(Records from a data source)
%%

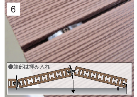
6 完成。デッキ面からビスの露出がなく、目地5mmが確保されます。
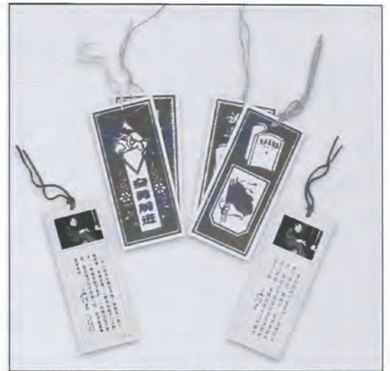
Bogmærker til læsningen af Mao Zedongs udvalgte værker. Det ene sæt på fire består af rødt fløj på hvidt papir. Udformningen minder om papirklip. Det andet sæt på to har et foto af en siddende Mao Zedong hver med et citat af Mao Zedong. Ca. 1970. (Ca. 9,5x4 cm.) (Det Kongelige Bibliotek).

Træsnit. Nytårstryk fra 1950 i traditionel form men med revolutionært indhold. På billedet fejres det første nytår i den kommunistiske stat med bønder i optog, hvor forskellige symboler på det nye styre stolt bæres frem, bl.a. portræt af Mao Zedong, Statsvåbnet og emblemet for det kommunistiske parti (Det Kongelige Bibliotek).
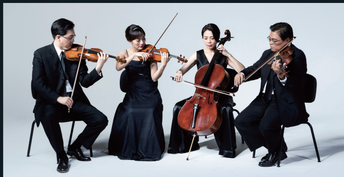
○主辦單位保留演出異動權

延伸第二樂章的小步舞曲風格，成為詠諧曲。這個樂章的前兩個主題具有不規則節拍，第三主題則為中提琴所帶出的，具有諷刺意味的進行曲調。第四樂章藉由低音三聲部與第一小提琴的對話，呈現孤寂、死亡的氣氛。樂章末端主題逐漸移至中提琴，而大提琴斷斷續續如微弱的心跳，不中斷地接續至第五樂章。第五樂章第一主題如默哀般，卻逐漸轉為輕快，具有跑馬歌曲般的節奏。在第一主題回歸後帶到富有張力的段落；兩把小提琴以甚強力度演奏快速重複音，下二聲部則呈卡農演奏誇張的附點節奏。經過第二主題，樂章最後結束在第一主題的片段裡，高音域的處理猶如轉化或昇華。
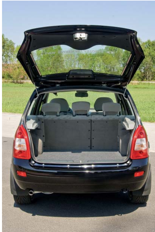
Große Klappe und auch was dahinter. Der Kalina löst die kleinen Transportprobleme des Alltags und wenn man die Rücksitzbank umlegt, auch die Größeren.

Im Gasbetrieb steht der Lada Kalina 1117 den Leistungswerten im Benzinbetrieb um nichts nach, selbst das Umschalten nach der Startphase verläuft im Gegensatz zu früher völlig ruckfrei und bleibt von Fahrer und Passagieren unbemerkt. Wer allerdings genau hinhört, könnte meinen, der Vierzylinder versieht seinen Dienst mit LPG eine Spur leiser als mit Benzin. Bei Lada-Fahrzeugen, die mit den Gasanlagen von Prins
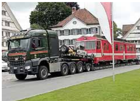
Triebwagen 11 verlässt die Heimat Gais

Die Triebwagen BDeh 4/4 11 – 15 und die zugehörigen ABt 111 – 115 mit Baujahr 1981 werden an die Achenseebahn abgegeben. Die ersten beiden Triebwagen BDeh 4/4 11 und 12 sind bereits nach Jenbach, Österreich, transportiert worden. Über die Veränderungen des Rollmaterials für die Linie Gossau – Appenzell – Wasserauen werden wir im nächsten Mitteilungsblatt orientieren.
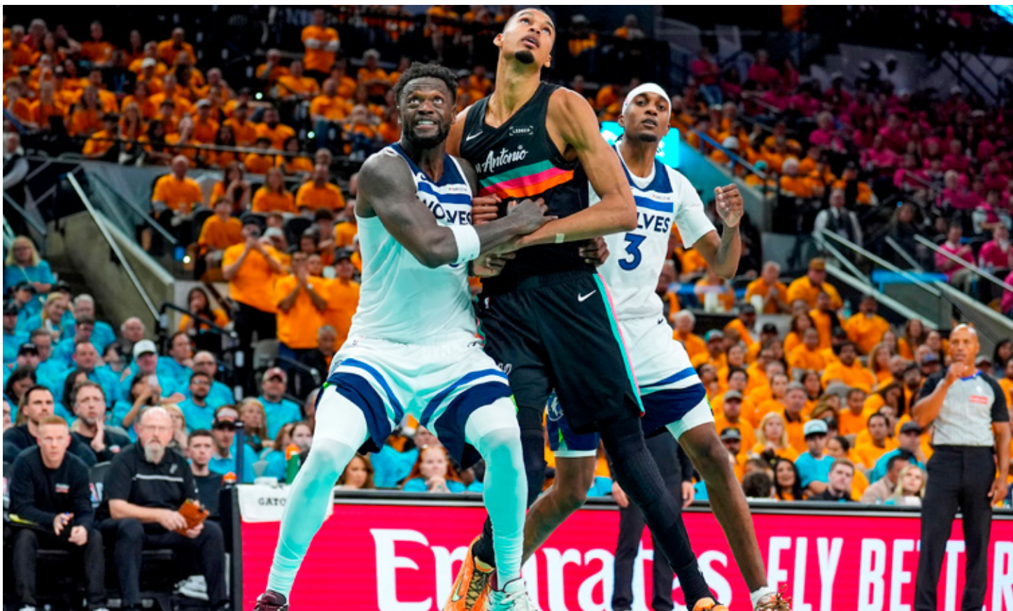
San Antonio y Minnesota se enfrentan por primera vez en playoffs luego de 25 años.

Sin embargo, el historial favorece a los Spurs, que han eliminado a Minnesota en dos ocasiones, ambas en la primera ronda, la primera en 1999 y la segunda
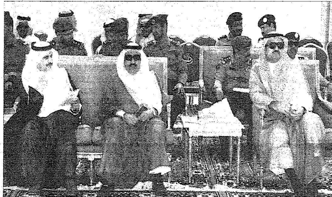
الامير مشعل وزير النقل خلال المناسبة
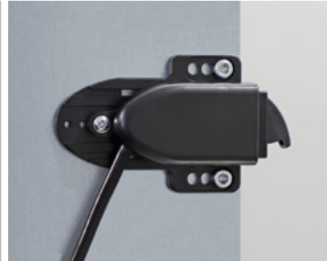
Schrauben auf Flächen
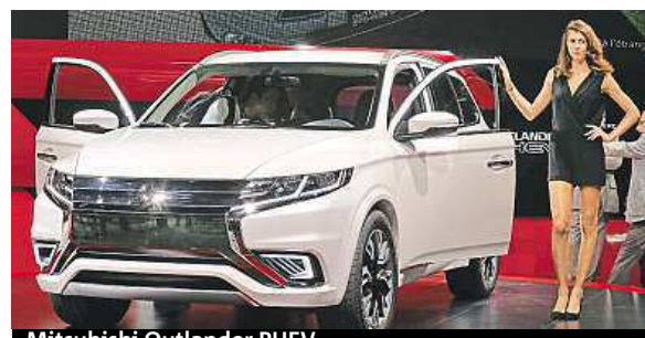
Mitsubishi Outlander PHEV
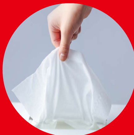
Tissues and Paper towel ティッシュとペーパータオル
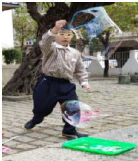
使用生活中的物品做出泡泡(鐵絲網)
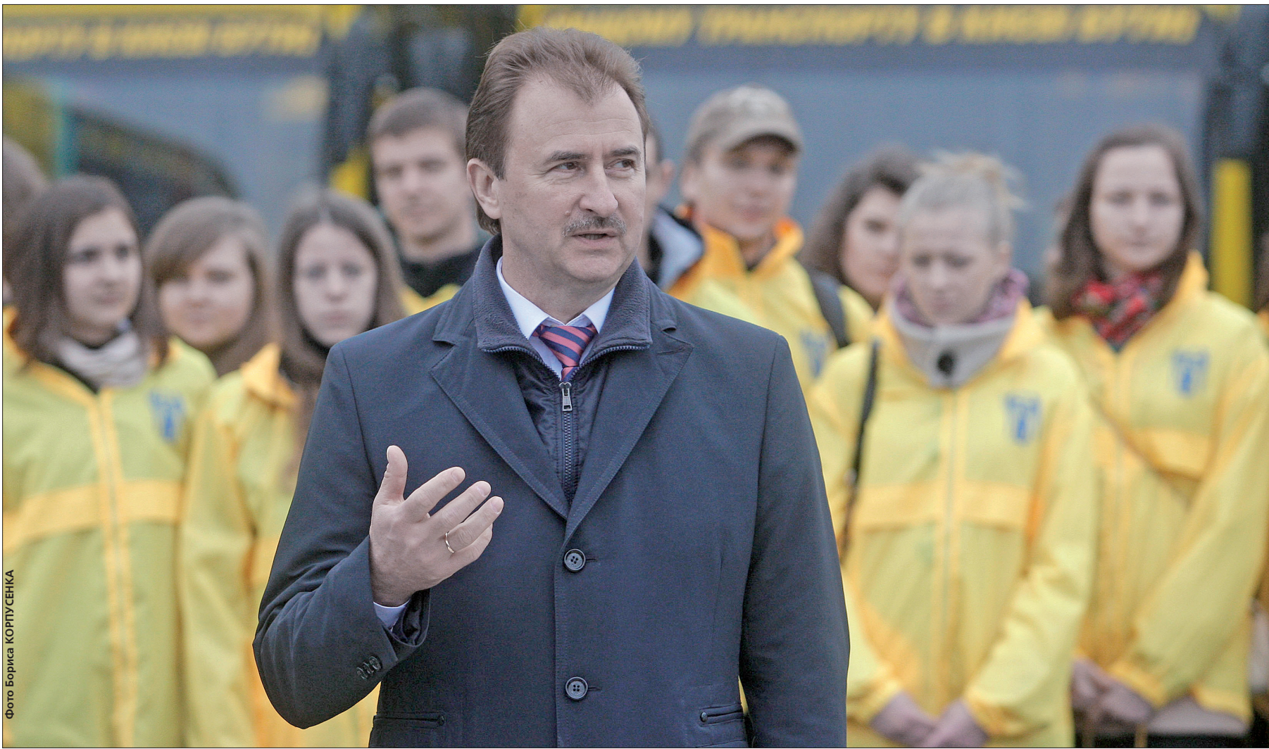
Разом з новим транспортом на міських маршрутах працюватимуть волонтери, завдання яких — підвищувати культуру пасажирів

Міська влада робить громадський транспорт зручним для киян
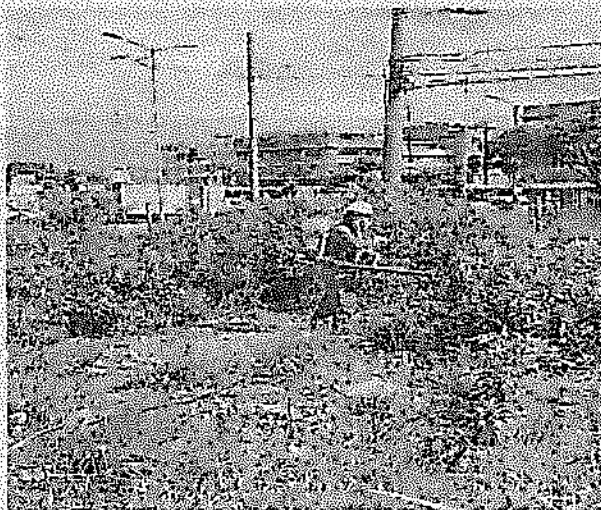
Imagen 1. Fumigación contra roedores e insectos

A continuación, se presenta un registro fotográfico de las actividades de mantenimiento adelantadas en los predios de la KR 30 con Calle 8 Sur
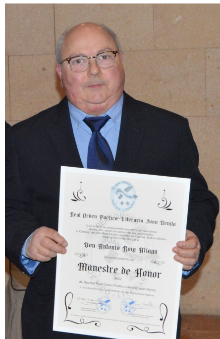
Luciendo su diploma
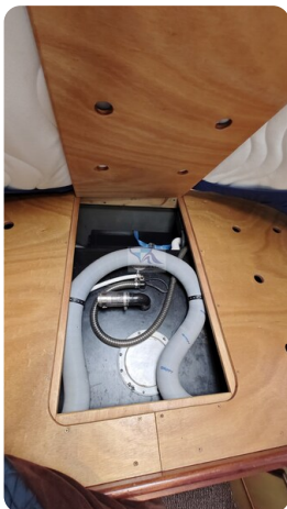
Spitzgatt Kutter LADY 94
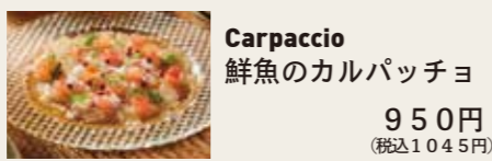
Carpaccio 鮮魚のカルパッチョ 950円 (税込1045円)
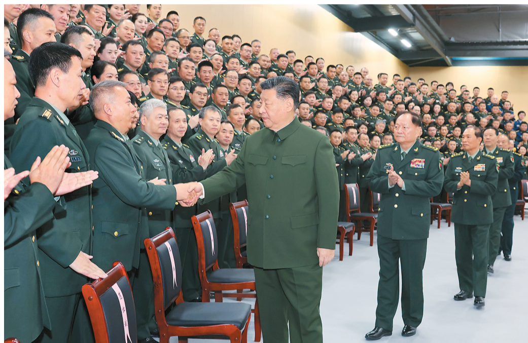
十二月四日,中共中央总书记、国家主席、中央军委主席习近平视察信息支援部队,代表党中央和中央军委,对信息支援部队官兵致以诚挚问候。这是习近平同代表们亲切握手。
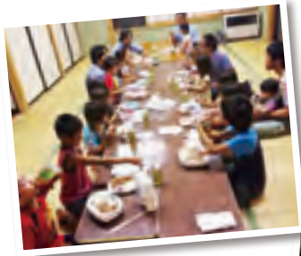
子どもたちの面倒は旦那さんにおまかせ (写真は昨年の様子)
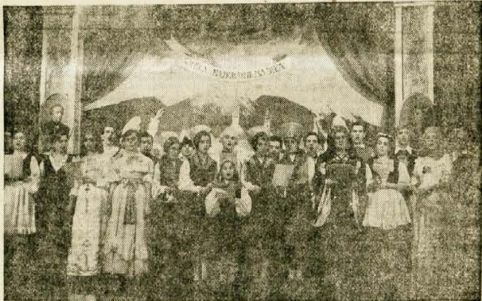
Prizor s čitalniške »besede« v Kranju

Vaštetova smo v letih po vojni uvrščali med najbolj brane in priljubljene slovenske pisateljice. Njen Roman o Prešernu je izšel kar v več ponatisih, zelo pa so bila čitana tudi druga njena dela, kot so npr. Gričarji, Upor, Izobčenec (roman o Janezu Trdini) in avtobiografske Podobe iz mojega življenja. —
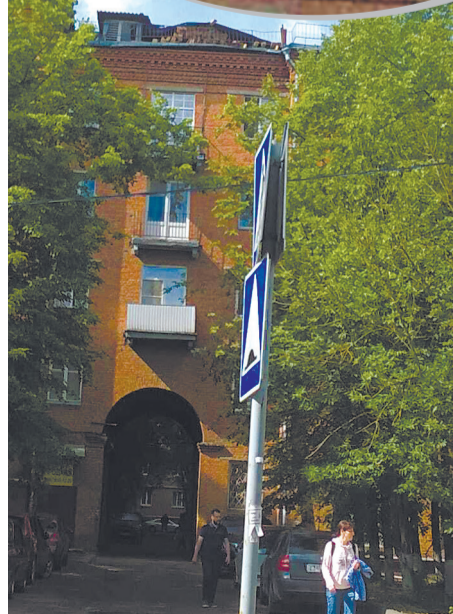
● Вокзальная, 19. Крышу разобрали – и оставили. Июль, 2019 год.
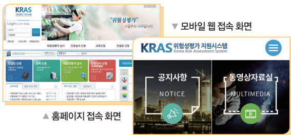
▲ 홈페이지 접속 화면
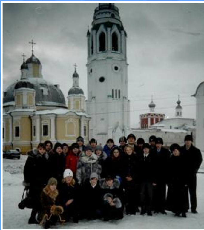
«Лировцы» в Вологде
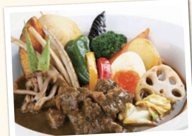
黒のドラキュラスープカレー ¥1,630(税込) ロースカツカレー ¥1,520(税込)
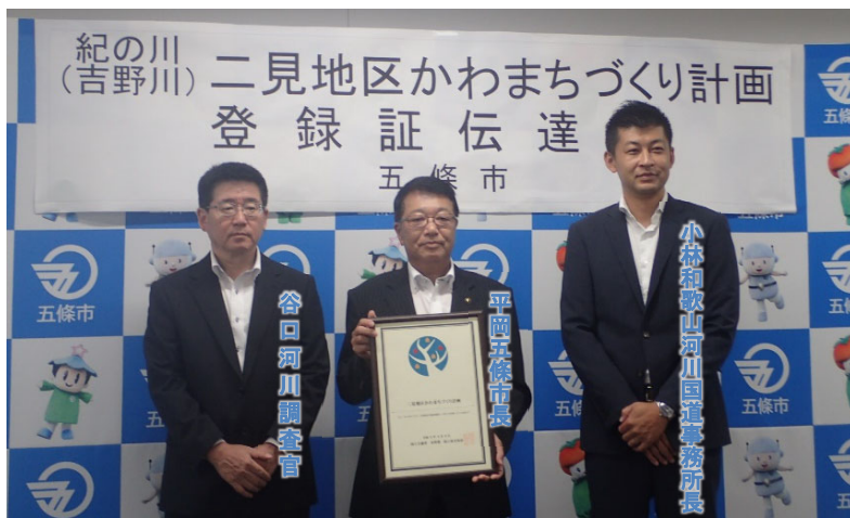
「かわまちづくり計画」登録を伝達
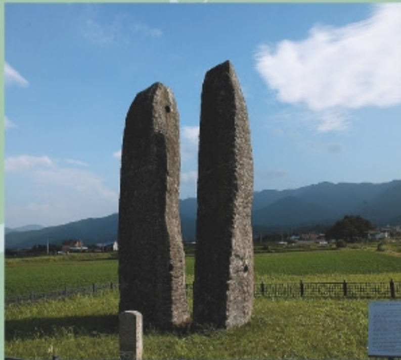
Flagpole Support of Gulsansa

%%

» What is required:
Nothing but an exact copy of the data, without its images, should make up your answer.

» Completed task:
6 完成。デッキ面からビスの露出がなく、目地5mmが確保されます。
Bogmærker til læsningen af Mao Zedongs udvalgte værker. Det ene sæt på fire består af rødt fløj på hvidt papir. Udformningen minder om papirklip. Det andet sæt på to har et foto af en siddende Mao Zedong hver med et citat af Mao Zedong. Ca. 1970. (Ca. 9,5x4 cm.) (Det Kongelige Bibliotek).

Træsnit. Nytårstryk fra 1950 i traditionel form men med revolutionært indhold. På billedet fejres det første nytår i den kommunistiske stat med bønder i optog, hvor forskellige symboler på det nye styre stolt bæres frem, bl.a. portræt af Mao Zedong, Statsvåbnet og emblemet for det kommunistiske parti (Det Kongelige Bibliotek).
○主辦單位保留演出異動權

延伸第二樂章的小步舞曲風格，成為詠諧曲。這個樂章的前兩個主題具有不規則節拍，第三主題則為中提琴所帶出的，具有諷刺意味的進行曲調。第四樂章藉由低音三聲部與第一小提琴的對話，呈現孤寂、死亡的氣氛。樂章末端主題逐漸移至中提琴，而大提琴斷斷續續如微弱的心跳，不中斷地接續至第五樂章。第五樂章第一主題如默哀般，卻逐漸轉為輕快，具有跑馬歌曲般的節奏。在第一主題回歸後帶到富有張力的段落；兩把小提琴以甚強力度演奏快速重複音，下二聲部則呈卡農演奏誇張的附點節奏。經過第二主題，樂章最後結束在第一主題的片段裡，高音域的處理猶如轉化或昇華。
Große Klappe und auch was dahinter. Der Kalina löst die kleinen Transportprobleme des Alltags und wenn man die Rücksitzbank umlegt, auch die Größeren.

Im Gasbetrieb steht der Lada Kalina 1117 den Leistungswerten im Benzinbetrieb um nichts nach, selbst das Umschalten nach der Startphase verläuft im Gegensatz zu früher völlig ruckfrei und bleibt von Fahrer und Passagieren unbemerkt. Wer allerdings genau hinhört, könnte meinen, der Vierzylinder versieht seinen Dienst mit LPG eine Spur leiser als mit Benzin. Bei Lada-Fahrzeugen, die mit den Gasanlagen von Prins
Triebwagen 11 verlässt die Heimat Gais

Die Triebwagen BDeh 4/4 11 – 15 und die zugehörigen ABt 111 – 115 mit Baujahr 1981 werden an die Achenseebahn abgegeben. Die ersten beiden Triebwagen BDeh 4/4 11 und 12 sind bereits nach Jenbach, Österreich, transportiert worden. Über die Veränderungen des Rollmaterials für die Linie Gossau – Appenzell – Wasserauen werden wir im nächsten Mitteilungsblatt orientieren.
San Antonio y Minnesota se enfrentan por primera vez en playoffs luego de 25 años.

Sin embargo, el historial favorece a los Spurs, que han eliminado a Minnesota en dos ocasiones, ambas en la primera ronda, la primera en 1999 y la segunda
الامير مشعل وزير النقل خلال المناسبة
Schrauben auf Flächen
Mitsubishi Outlander PHEV
Tissues and Paper towel ティッシュとペーパータオル
使用生活中的物品做出泡泡(鐵絲網)
Разом з новим транспортом на міських маршрутах працюватимуть волонтери, завдання яких — підвищувати культуру пасажирів

Міська влада робить громадський транспорт зручним для киян
Imagen 1. Fumigación contra roedores e insectos

A continuación, se presenta un registro fotográfico de las actividades de mantenimiento adelantadas en los predios de la KR 30 con Calle 8 Sur
Luciendo su diploma
Spitzgatt Kutter LADY 94
Carpaccio 鮮魚のカルパッチョ 950円 (税込1045円)
十二月四日,中共中央总书记、国家主席、中央军委主席习近平视察信息支援部队,代表党中央和中央军委,对信息支援部队官兵致以诚挚问候。这是习近平同代表们亲切握手。
子どもたちの面倒は旦那さんにおまかせ (写真は昨年の様子)
Prizor s čitalniške »besede« v Kranju

Vaštetova smo v letih po vojni uvrščali med najbolj brane in priljubljene slovenske pisateljice. Njen Roman o Prešernu je izšel kar v več ponatisih, zelo pa so bila čitana tudi druga njena dela, kot so npr. Gričarji, Upor, Izobčenec (roman o Janezu Trdini) in avtobiografske Podobe iz mojega življenja. —
● Вокзальная, 19. Крышу разобрали – и оставили. Июль, 2019 год.
▲ 홈페이지 접속 화면
«Лировцы» в Вологде
黒のドラキュラスープカレー ¥1,630(税込) ロースカツカレー ¥1,520(税込)
「かわまちづくり計画」登録を伝達
Flagpole Support of Gulsansa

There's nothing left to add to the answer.